SDK instruments uniformly → Collector decouples app from backend via sampling/routing → three signals cross-link via trace_id / exemplar

Key design: apps depend only on the OTel SDK + Collector, never on a specific backend vendor (avoiding lock-in). The Collector is the control point — sampling, rate limiting, PII scrubbing, downsampling all happen here, so changing the sampling policy doesn't require redeploying hundreds of services.

Key Technical Points

1. The Three "Pillars" Metrics / Logs / Traces — not three tools, but three slices of one dataset

Principle: Metrics are pre-aggregated numeric time series (counter/gauge/histogram) — cheap, ideal for dashboards and alerts, but only the dimensions you predefined.

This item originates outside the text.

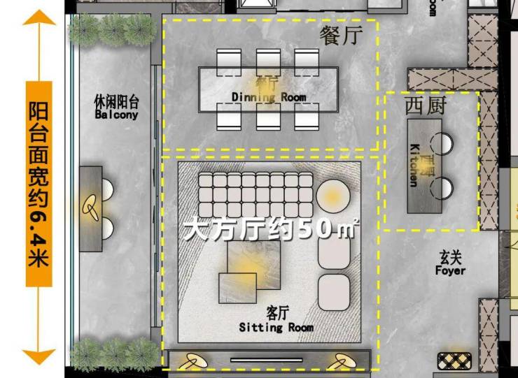 近50㎡的大边厅,除了常规的客厅、餐厅、玄关,竟然还多了一个高规格的西餐厅。

Logs are discrete events — richest information but expensive to search and hard to correlate without structure. Traces stitch one request's cross-service causal chain into a span tree, answering "which hop is slow." Their fundamental difference is cardinality tolerance: adding a high-cardinality label (like user_id) to a metric explodes time series into the millions; traces/structured-logs are built for high cardinality.

Trade-off:

Metrics: ✅ storage is O(series count), independent of request volume; queries in ms; ❌ fixed dimensions, can't drill to a single request, high cardinality = bankruptcy.
Logs: ✅ richest, flexible; ❌ cost grows linearly with traffic, hard to correlate across services (unless they carry trace_id).
Traces: ✅ causal chain + cross-service latency attribution; ❌ must be sampled (full is too costly), instrumentation is intrusive, sampling hides rare requests.

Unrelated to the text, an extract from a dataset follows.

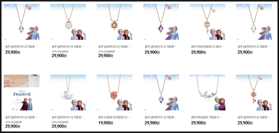 그 중에서 클루 겨울왕국 귀걸이, 목걸이 등이 엄청난 인기를 누리고 있습니다.

The right move: use a metric to spot the anomaly → use an exemplar to jump to a representative trace → use trace_id to pull all logs for that request. The three pillars are stitched by trace_id, not three isolated silos.

Real-world:

Honeycomb / Charity Majors: publicly critique "three pillars" — storing data three times and manually correlating across tools is an anti-pattern; they advocate arbitrarily-wide structured events as a single source of truth, with high cardinality as the soul of observability (Observability 2.0).
Prometheus + Grafana: metrics carry exemplars (trace_id), dashboards jump to Tempo traces in one click — the de-facto open-source stitching solution.
Google: internally Monarch (metrics) + Dapper (tracing) divide the work; Borgmon is the spiritual ancestor of Prometheus.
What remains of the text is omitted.